За время отсутствия от Удаяна не приходило никаких вестей — ни письма, ни звонка, никакой другой возможности узнать, жив он или нет. Субхаш и родители не затрагивали эту тему, но никто из них не верил, что Удаян где-то разглядывает достопримечательности. Они не поверили с самого начала, но и никто из них не попытался остановить его.
Он вернулся только через месяц, сильно похудевший, с бородой и усами. Пальцы у него дрожали теперь еще сильнее — чашка иной раз стучала о блюдце у него в руках. Эта дрожь была заметна, когда он застегивал пуговицы на рубашке или держал шариковую ручку. По утрам на его постели виднелись вмятины от тела, а простыни были мокры от пота. Однажды утром он проснулся с бешеным сердцебиением и испариной на лбу, ему позвали врача и сделали анализ крови.
Родные думали, что он подцепил за городом какую-то болезнь — малярию или менингит, но врач обнаружил у него просто увеличение щитовидной железы — недуг, вполне поддающийся медикаментозному лечению. Врач объяснил: лекарство может подействовать не сразу и принимать его нужно постоянно. И еще он сказал, что это заболевание может сопровождаться у больного повышенной раздражительностью и резкими переменами в настроении.

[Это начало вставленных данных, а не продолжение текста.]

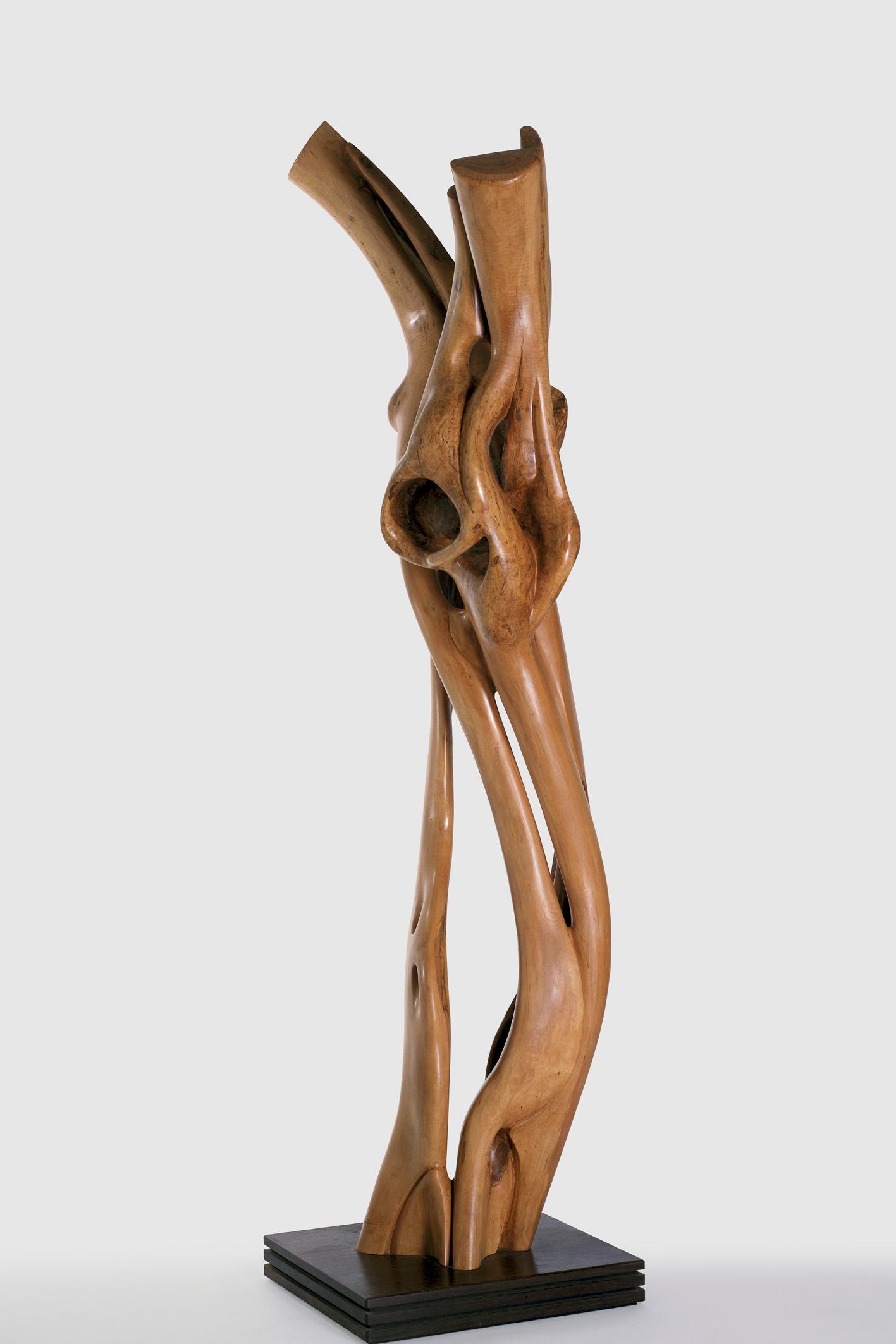 “Le sculture in radica di tuja e in radica di amboina richiamano alla mente processi di creazione, cristallizzazione e metamorfosi: le curve, morbide e rotonde, tolgono peso a una materia che si concede alla deflagrazione della luce, rivelando una serie di nervature – più accentuate nella tuja – che rendono ogni legno unico”.
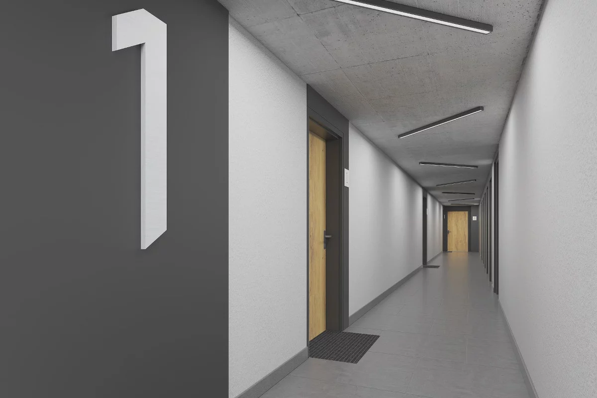 2. Salon z aneksem kuchennym i jadalnią, pokój, łazienka, przedsionek, balkon. Mieszkanie dwupokojowe 42,34–45,98 m². Dla pary lub wymagającego singla; dodatkowy pokój sprawdzi się jako sypialnia lub gabinet, balkon zapewnia przyjemną strefę relaksu, a układ pozwala wygodnie strefować życie codzienne.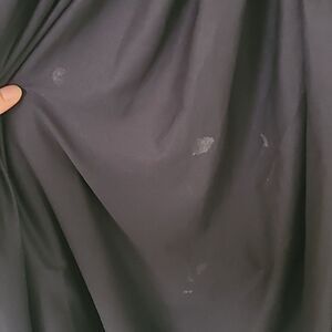 has a few spots on the back, could possibly be washed off. perfect sheer lightweight dress with puff medium length sleeves. unlined.

Удаян поправился и жил теперь все время дома, никуда не отлучался, но душа его словно осталась где-то там. То, что он узнал, или увидел, или сделал во время той поездки, он хранил про себя и не рассказывал об этом никому.
Он больше не отговаривал Субхаша от поездки в Америку. Слушая по вечерам радио или листая газеты, он не выказывал никаких эмоций. Что-то завладело его мыслями и душой — это уже не имело отношения к Субхашу, к родителям и к их дому.
В 1969 году в день рождения Ленина, 22 апреля, в Калькутте была образована третья коммунистическая партия. Ее члены называли себя «наксалитами» в честь событий в Наксалбари. Чару Маджумдар был провозглашен ее генеральным секретарем, Кану Санъял выбран председателем.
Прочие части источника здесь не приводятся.